Michael Shurkin
One of the odder bits of dogma one frequently encounters in policy circles is the idea that conflicts have “no military solution.” For example, on 12 November 2024, US Ambassador to the United Nations Linda Thomas-Greenfield asserted before the UN Security Council the following regarding Sudan’s civil war:
There is, quite simply, no military solution to this crisis. None. All countries should cease providing military support to the belligerents. And every one of us must continue to press the parties to return to the negotiating table with the aim of ending this conflict.

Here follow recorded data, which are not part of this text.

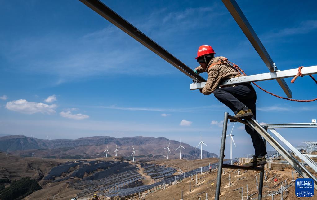 工人蘇天云在安裝光伏發電設備(3月19日攝)。
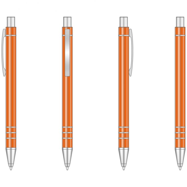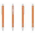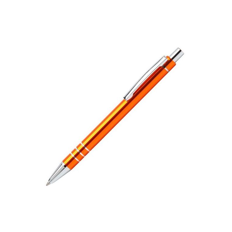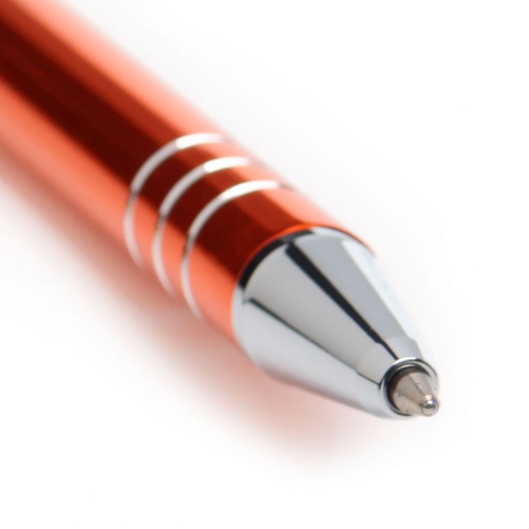 Багаторазова кулькова авторучка високої якості з анодованого алюмінію. Кліп і носик срібного кольору. Змінний стержень типу “Budget”, довжина лінії не менше 1200 м. Механізм – кнопковий. Базовий колір пасти – синій. При виробництві під замовлення можливе встановлення стержня з чорною пастою.
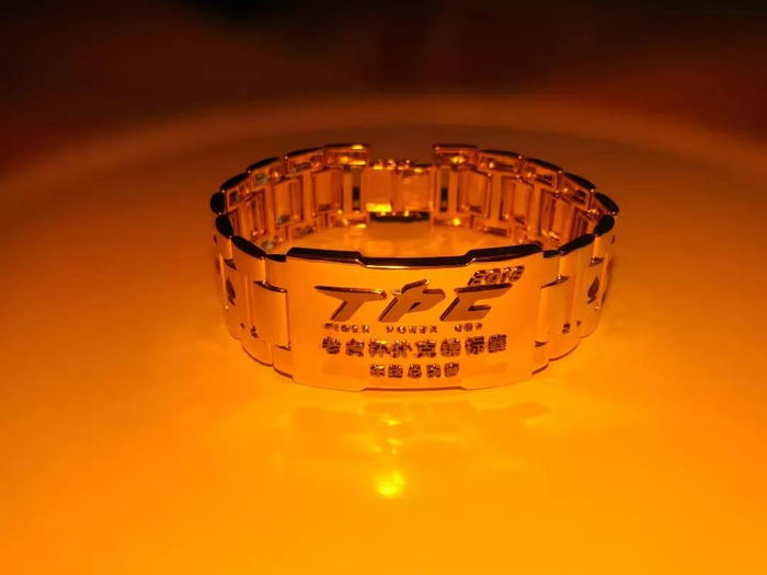 为了配合“如虎添翼”年终总决赛冠军奖杯,老虎杯还定制设计了一款只有总决赛冠军才能拥有的金手链,金手链为14K金材质,除了老虎杯LOGO,两侧各有代表扑克的黑红梅方形状,整条手链宛如一只精美绝伦的艺术品,其寓意为老虎杯的王中之王。
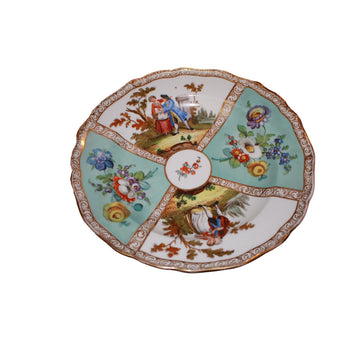 Piatto in porcellana Meissen finemente decorato, caratterizzato da una composizione elegante e tipicamente settecentesca. La...
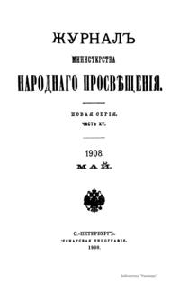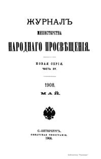 Журнал Министерства народного просвещения выходил с 1834-го по 1917 год. Официальный периодический журнал об успехах просвещения в России. Издатели журнала уверены в том, что «если для каждого человека необходим выход из грубой тьмы невежества и беспрерывное дальнейшее движение к свету, то для народов необходимо попечительное участие правительства в образовании. Только правительство имеет все средства знать и высоту успехов всемирного образования, и настоящие нужды Отечества».
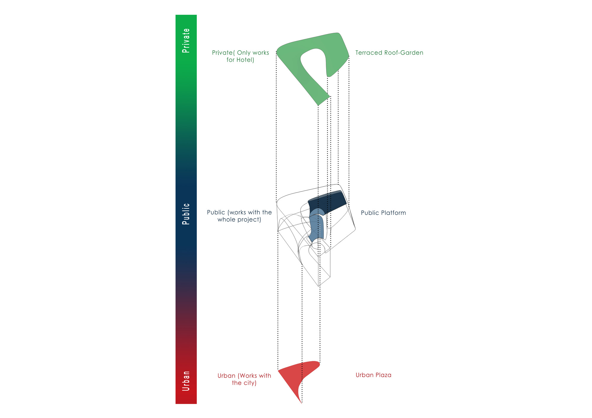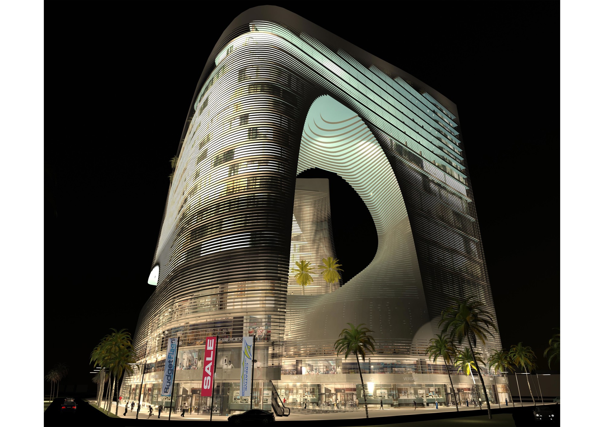 This project is located at the junction of two distinct regions of the Kish Island, the developed and the developing districts. The strategic position of the site gives the project a unique opportunity to become an iconic landmark of the city. Starting with a simple solid mass, the geometry of the building was formed by the intersection of two U shaped voids carved into the volume, one at the base and the other at the top. The intersection of these two voids formed a new open space, linking the building to the city. The voids were made closed on one side to maintain the required floor area and privacy. The final outcome of the project was influenced by a consistent grid network growing from the outer shell to the interior voids, as well as factors such as sunlight exposure, desired shading pattern, ventilation, view (for the hotel rooms), and visibility (for the commercial units).

Taken at face value, the statement is not remarkable. But this is far from being the only time a senior U.S. diplomat or any other senior diplomat has made this assertion about seemingly intractable conflicts. A simple google search with the terms “State Department” and “no military solution” turns up such nuggets as the U.S. Special Representative to Afghanistan Zalmay Khalilzad insisting on 3 August 2021 that there was “no military solution” to the Afghanistan War. He was echoing a State Department spokesman’s statement in 2011 that there was “no military solution” to the Afghanistan War. On 12 September 2022, Secretary of State Anthony Blinken opined that there was “no military solution” to the conflict between Armenia and Azerbaijan. Similarly, on 9 November 2022, another State Department spokesperson said that there was “no military solution” to the war in Libya. On 7 December 2014, a Washington Post columnist took the Obama Administration to task for insisting there was “no military solution” to no less than three conflicts (Iraq, Syria, and Ukraine). On 1 June 2006, Richard A. Boucher, Assistant Secretary of State for South and Central Asia, affirmed that there “is no military solution” to the conflict in Sri Lanka between the Sri Lankan government and Tamil rebels.